Teen Driver Car Accidents

For teenagers across America, one of the most exciting things about turning 16 is trying to get a driver's license. A license can bring a sense of freedom. It marks the approach of adulthood. Parents, however, may be more ambivalent about what this birthday and the privilege of driving mean.

Car accidents are a leading cause of death for American teenagers. Furthermore, even though the group from ages 15-24 is only 14% of the United States population, the greatest risk of suffering a car crash among all groups is teenage drivers. Teenage boys have double the rate of fatal crashes as female teen drivers, and teens driving with teen passengers are more likely to crash.

In 2010, highway safety researchers found that seven teens aged 16-19 died every day from car crashes. This group was also three times more likely than those over the age of 19 to get into a fatal accident. Fatalities may be more common because teens are the least likely to use their seatbelts. Additionally, teen drinking was responsible for 22% of fatal car crashes in 2010.

Why is the risk for teen drivers so great? Most teens underestimate danger or don't identify risks at all due to lack of experience. They are also more likely to speed and allow insufficient distance between cars. Leaving enough distance between two cars is important when trying to avoid a rear-end accident.

If your teenage child is in a fatal crash that was not his or her fault, you may be able to bring a wrongful death lawsuit against the at-fault driver or any other negligent party. You may be able to recover compensatory damages, including any medical bills, funeral expenses, out-of-pocket expenses, and pain and suffering.

Who Is Responsible When a Teen Injures Someone in A Crash?

Usually, teenagers are covered under their parents' insurance policies when they start driving. When a teen is insured and causes an accident, the insurance company will have a duty to step up and defend and indemnify the teenager. Generally, the greater risk of teenage drivers getting into an accident is accounted for in the premium that is charged to the parent. However, the profit-oriented culture of insurance companies encourages the denial of legitimate claims. If an insurance company fails to defend and indemnify when appropriate, a parent can bring a bad faith action against the company.

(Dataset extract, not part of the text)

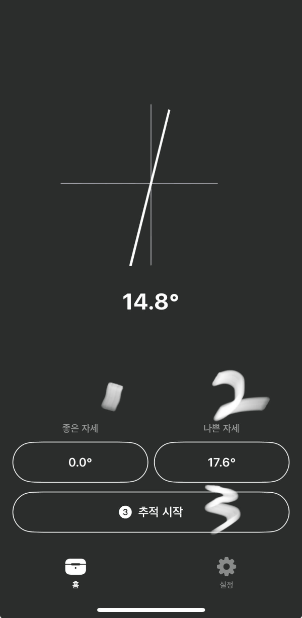 설정한 각도를 이탈하면 알림이 울리는 거북목 자세교정 꿀 어플입니다.

Can a parent ever be held responsible? In many cases, a parent will not be held personally liable for the negligent driving of his or her child. However, there are exceptions. A parent can be held personally responsible if he or she knows the teen is an incompetent or reckless driver, or if the teen is driving as part of work for the parents.

Some states have laws that impose liability on parents when their teenagers' reckless driving causes an accident on public roads. However, most of the time a parent will not be liable for the teenager's negligence if he or she used the car without permission, or if a parent doesn't have custody of the child. Moreover, parents can revoke their responsibility by refusing to sign the application for their child's drivers' license or reporting to the state that they withdraw their support.

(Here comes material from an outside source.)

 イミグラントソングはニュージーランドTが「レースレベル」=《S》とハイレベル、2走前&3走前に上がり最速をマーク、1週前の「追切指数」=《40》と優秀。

Generally, the parent owns the vehicle that the teen drives. When a parent knows or should know in the exercise of due care that his or her teen is not fit to operate a car, the parent can be held liable for any accidents caused by the teen under a cause of action called negligent entrustment.

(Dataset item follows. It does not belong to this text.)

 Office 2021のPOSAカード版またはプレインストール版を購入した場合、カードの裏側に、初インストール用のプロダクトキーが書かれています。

For example, if a teen has an alcohol abuse problem and frequently comes home smelling of alcohol or drinks in front of his or her parents, the parents should know that the teen's risk of getting into an accident is greater than usual. A parent who permits his or her teen to drive a car, or looks the other way to avoid knowing the teen drives the car, may be held liable for any accidents caused by the teenager. In that case, if the teenager is not insured, an injured party may still sue the parent directly for compensatory damages, and in some cases punitive damages as well.